Today I am recalibrating.
To recalibrate: to make small changes to an instrument so that it measures accurately.
The instrument in need of recalibration is my brain. The thing it needs to measure more accurately is my memories of my mum.
I know. Trust me when I say I would rather be recalibrating my wine intake, which I REALLY DON’T ever want to do. But I must recalibrate my brain because of this:
Last night Mum sauntered into the restaurant I was in and sat down at my table. She was wearing a white vest and jeans. She looked serious, her face sallow. She leaned in across the table and began in a whisper:
Her: It’s almost over.
Me: What is?
Her: Everything. I’m dying.
Me: Mum, you are already dead.
Her: No. I’m not. This time I mean it. I really am dying.
I get hold of her bare arm and begin to rub. Her skin is cool and soft.
Me: It’s alright, it’s ok, you’ll be ok, you’ll be fine…
Her: It’s time for me to go.
She stands. And I realise that she is incredibly drunk. She sways. Her eyes reel, the lids half-open. ‘Help me,’ she says. I am, beyond any other emotion, embarrassed. I look around. The restaurant is packed. I don’t know where we are, but it feels like a wedding; all the guests dressed-up, bubbling conversation, clinking cutlery.
I have to get her out of here before anyone notices. I pull at her arm, throwing it around my neck. She is as light as bones, a skeleton resting on my shoulders as I drag and pull her. I know she is likely to be ill any minute. I keep studying her face for signs of this; have I got time to get her out before it happens?

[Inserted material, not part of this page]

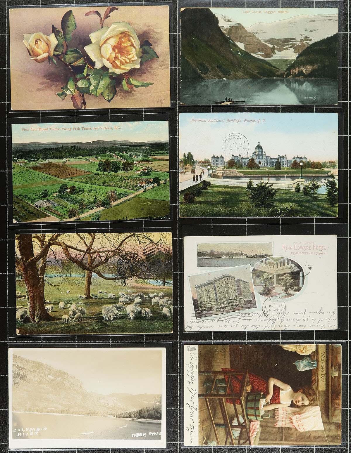 British Columbia Split Ring Postcards. An old-time hoard of 25 split ring cancels on postcards, mostly Edward / Admiral era from a local estate. Towns included are Mayook, Port Alberni, Royal Oak, Sparwood, Forestdale, Roseberry, Colwood, China Creek, Sirdar, Goldstream, Halcyon Hot Springs, Ganges, Mount Tolmie, Alberni, Rosedale, Syringa Creek, Gambier, Burrard Inlet, North Lonsdale (CDS), Extension, Hopkins Landing, Port Haney, North Bend, Cottonwood and Northbend. A nice opportunity for the BC postmark enthusiast. Estimate =

I find a door. I shove her through it and on to the floor. I slam it shut. And walk away.
I wake up in a bed in Manchester. Next to me, Gwyneth snores. In the next room eldest and her mate have made it home and are sleeping off their party. Further down the hall, youngest is buried on his top bunk, hidden from view until I poke around and find his little face.
Everything is ok. Everything is fine. There’s no restaurant. No drunken mother. No awful moment of throwing her to the floor and slamming the door.

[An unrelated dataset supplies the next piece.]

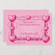 A hot pink Valentine's Day invitation of hearts and curling ribbon in a frame.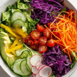 Rainbow salads became popular as part of modern wellness inspired cooking, where the focus shifted toward eating a variety of colorful vegetables for both visual appeal and natural nutrition. This approach encourages mixing raw, fresh ingredients in creative ways rather than relying on heavy dressings or complicated cooking methods. Over time, this style has become a staple in many clean eating kitchens because it is simple, flexible, and naturally beautiful.

I haven’t seen her for a long time. In real life it’s been almost twenty-eight years, and whilst she used to regularly pop in to dreamland, it’s been a while. I’m sure that never before has she rocked up drunk in my dreams. The opposite; in the unreal, in-between world, she is usually sober, happy and pleased to see me as I get straight to work, filling her in on all that she’s missed.

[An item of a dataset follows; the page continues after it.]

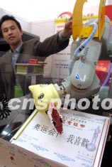 首屆中國租賃業推廣展覽會八日在北京展覽館拉開序幕,來自國內外四十八家企業及制造商云集一堂。北京一家科技有限公司推出可以寫字、拍照、搖獎的智能機器人租賃業務,每日三千元的租賃價格吸引了不少參觀人員。中新社記者:廖文靜

In real life she was often incredibly drunk, to the point of agony and unconsciousness with no fun bit before the fall. I remember much of this. Too much. The struggle is to remember all the other bits, the normal, the love, the mothering.
This dilemma makes sense when I think of two strong memories, both from the final months of her life:
Memory 1: I am fifteen years old. Dad and I are collecting her from the hospital after a suicide attempt. An attempt which I discovered and then raised the alarm. She has been so pleased to see us, to be alive. Dad helps her into the passenger seat of the car while I settle in the back. As he walks round to get in behind the wheel, she turns to me, and she cannot be drunk because she’s been in the hospital, and she fixes her eyes on me and says, ‘Well thanks a bunch. Because of YOU I’m going to have to do it all…over…again…’ and Dad gets in the car and, ‘Right darling – let’s get you home.’
Memory 2: Just a few days before she died. I get in from a rehearsal at school and I’ve got terrible period pains. She makes me a hot chocolate and a hot water bottle. She brings me paracetamol and settles me into her bed next to her, ‘you just stay here until it wears off.’ And we smoke and talk (I can’t remember what about…wish I could remember what about) and watch telly and everything is fine and everything is going to be ok.
She was both of these mothers. My awake brain can only really remember the first, pained one. My asleep brain normally only brings me the second. Perhaps writing this book about our lives together is finally bringing those two parts of her together for me.
Perhaps her appearance in a restaurant, bringing news of her imminent death, means I might be on the way towards laying her to rest, all of her, at last.
I’ll end this ponderous post with this pic of us on the beach at Pevensey Bay, 1974. I guess this might be where the white vest came from. Ah, the brain’s a funny ol’ thing, innit?